[Items from a data source]
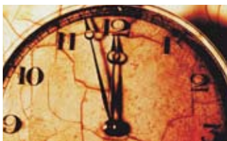
Fast consistent delivery allows for scheduling flexibility on any project.

Stay flexible! Integrity's amazing delivery lets us be flexible to your specific needs. Our delivery allows us to batch your order, perform direct drops, deliver within a specified week and respond to unforeseen changes that might threaten to delay your project - now that is flexibility that can benefit any project.
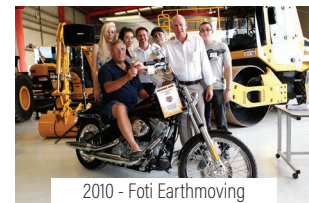
2010 - Foti Earthmoving
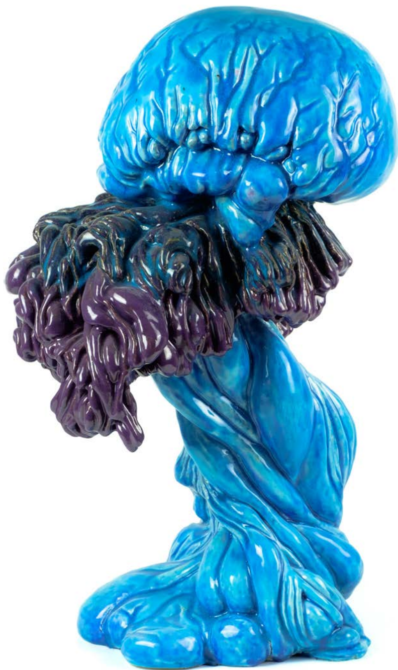
DAPIAB , 2016 - 2017 ceramic 24 x 37 x 59 cm 9.5 x 14.6 x 23.2 inches
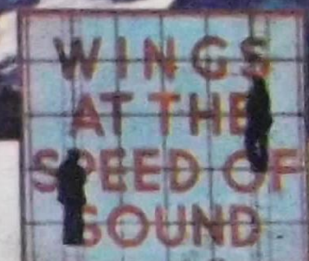
LET 'EM IN ©1972
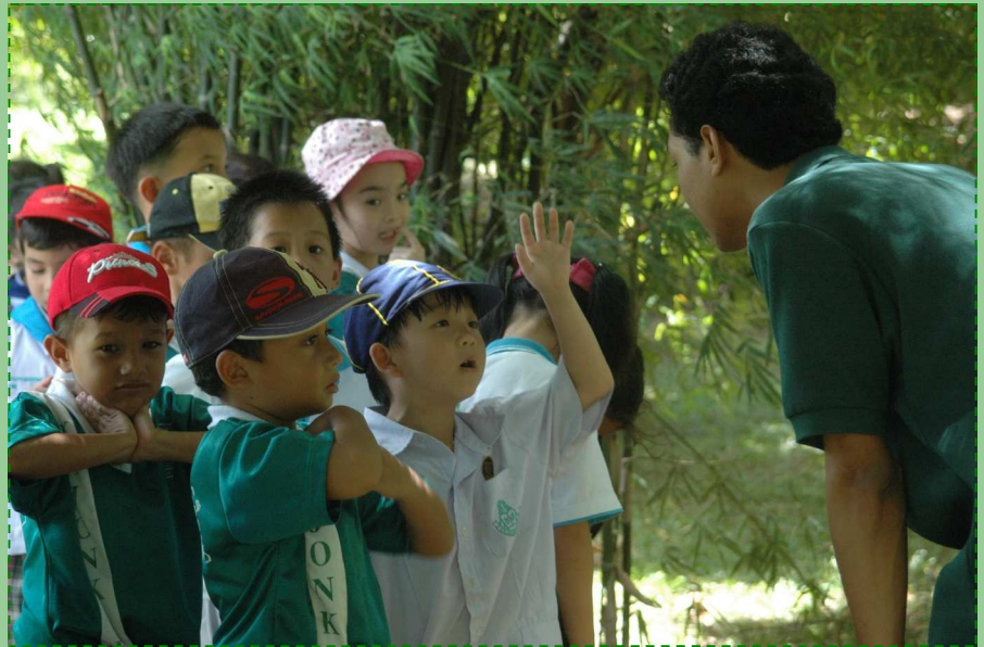
6 years old student was asking to Environment Officer

The school children and the teachers were shown the Herb and Vegetable Garden, waste water treatment plant, water reservoir, Recycling Corner, chipping machine, composting facility and nursery. The children were amazed by all the waste and how it could be separated for recycling. Particularly the smell from separated kitchen waste made many frown. It also made them real-
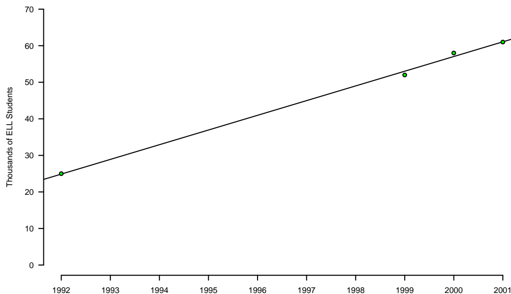
Figure 3: Growth in Number of ELL Students in Colorado

sent an undercount of Colorado's ELL students. 21
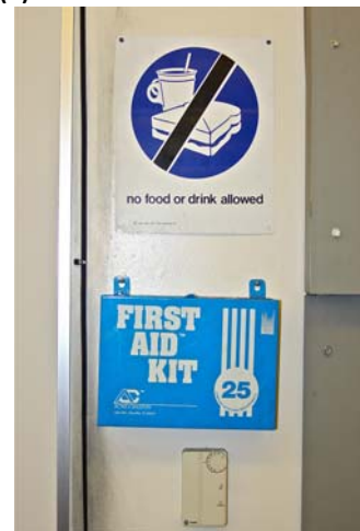
Figure 2: (A) Fire pull and fire extinguisher. Note: If you pull the fire alarm due to an emergency you must also call 911 to make sure the fire department has been alerted. (B) First Aid Kit located at the front of every classroom.
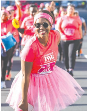
The Totalsports Women's Race in support of PinkDrive will take place on Wednesday 9 August.

Durban: Start at Masabalala Yengwa Ave and finish at Kings Park Athletics Track; Johannesburg: Start and finish at Marks Park, Emmerentia; Cape Town: Start and finish at Grand Parade, Cape Town, starting at 08:00. For more information on PinkDrive visit www.pinkdrive.co.za . For further information or to enter the Totalsports Women's Race visit www.totalsportswomensrace.co.za
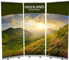
Set of Three (3) 31½" W x 78½" H Banner Stands Total Graphic Area of Approx. 97½" W x 78½" H
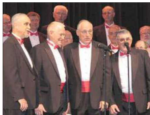
Apple Core ete
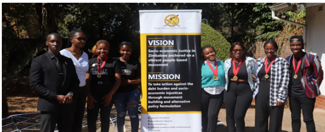
The best speakers & winning team post for a picture after the Harare Tertiary Institutions Debates

https://zimcodd.org/sdm_downloads/the-weekend-reader-4-august-2023/
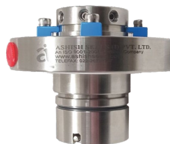
CS53 Double Cartridge Mechanical Seal
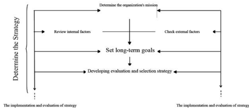
Fig. 2: Strategic document for recycling

activities, deciding to expand activities, development and even merging with or joining new companies and overcoming challenging factors are also considered during this stage (Aich and Ghosh, 2016). In short, strengths and weaknesses (internal factors), opportunities and threats (external factors) to solid waste recycling system are identified and analyzed in this method and finally strategic document for recycling organization in Zahedan is developed and presented (Fig 1 and 2).
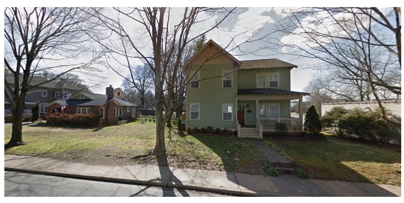
The rezoning site abuts a single family residential home.
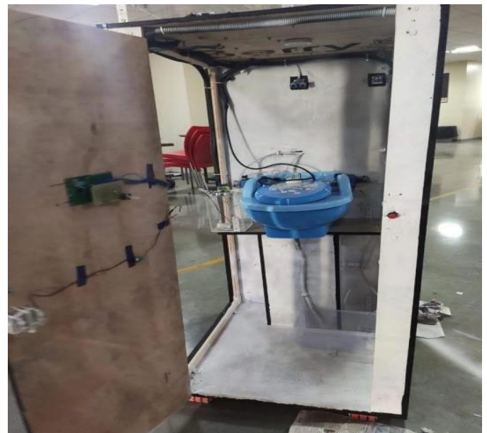
Fig 3. Inner view of the model

*What you have to do*. Only the text of the entries above is to be given again, exactly, with the pictures left out.

*Response to the exercise*.
Fast consistent delivery allows for scheduling flexibility on any project.

Stay flexible! Integrity's amazing delivery lets us be flexible to your specific needs. Our delivery allows us to batch your order, perform direct drops, deliver within a specified week and respond to unforeseen changes that might threaten to delay your project - now that is flexibility that can benefit any project.
2010 - Foti Earthmoving
DAPIAB , 2016 - 2017 ceramic 24 x 37 x 59 cm 9.5 x 14.6 x 23.2 inches
LET 'EM IN ©1972
6 years old student was asking to Environment Officer

The school children and the teachers were shown the Herb and Vegetable Garden, waste water treatment plant, water reservoir, Recycling Corner, chipping machine, composting facility and nursery. The children were amazed by all the waste and how it could be separated for recycling. Particularly the smell from separated kitchen waste made many frown. It also made them real-
Figure 3: Growth in Number of ELL Students in Colorado

sent an undercount of Colorado's ELL students. 21
Figure 2: (A) Fire pull and fire extinguisher. Note: If you pull the fire alarm due to an emergency you must also call 911 to make sure the fire department has been alerted. (B) First Aid Kit located at the front of every classroom.
The Totalsports Women's Race in support of PinkDrive will take place on Wednesday 9 August.

Durban: Start at Masabalala Yengwa Ave and finish at Kings Park Athletics Track; Johannesburg: Start and finish at Marks Park, Emmerentia; Cape Town: Start and finish at Grand Parade, Cape Town, starting at 08:00. For more information on PinkDrive visit www.pinkdrive.co.za . For further information or to enter the Totalsports Women's Race visit www.totalsportswomensrace.co.za
Set of Three (3) 31½" W x 78½" H Banner Stands Total Graphic Area of Approx. 97½" W x 78½" H
Apple Core ete
The best speakers & winning team post for a picture after the Harare Tertiary Institutions Debates

https://zimcodd.org/sdm_downloads/the-weekend-reader-4-august-2023/
CS53 Double Cartridge Mechanical Seal
Fig. 2: Strategic document for recycling

activities, deciding to expand activities, development and even merging with or joining new companies and overcoming challenging factors are also considered during this stage (Aich and Ghosh, 2016). In short, strengths and weaknesses (internal factors), opportunities and threats (external factors) to solid waste recycling system are identified and analyzed in this method and finally strategic document for recycling organization in Zahedan is developed and presented (Fig 1 and 2).
The rezoning site abuts a single family residential home.
Fig 3. Inner view of the model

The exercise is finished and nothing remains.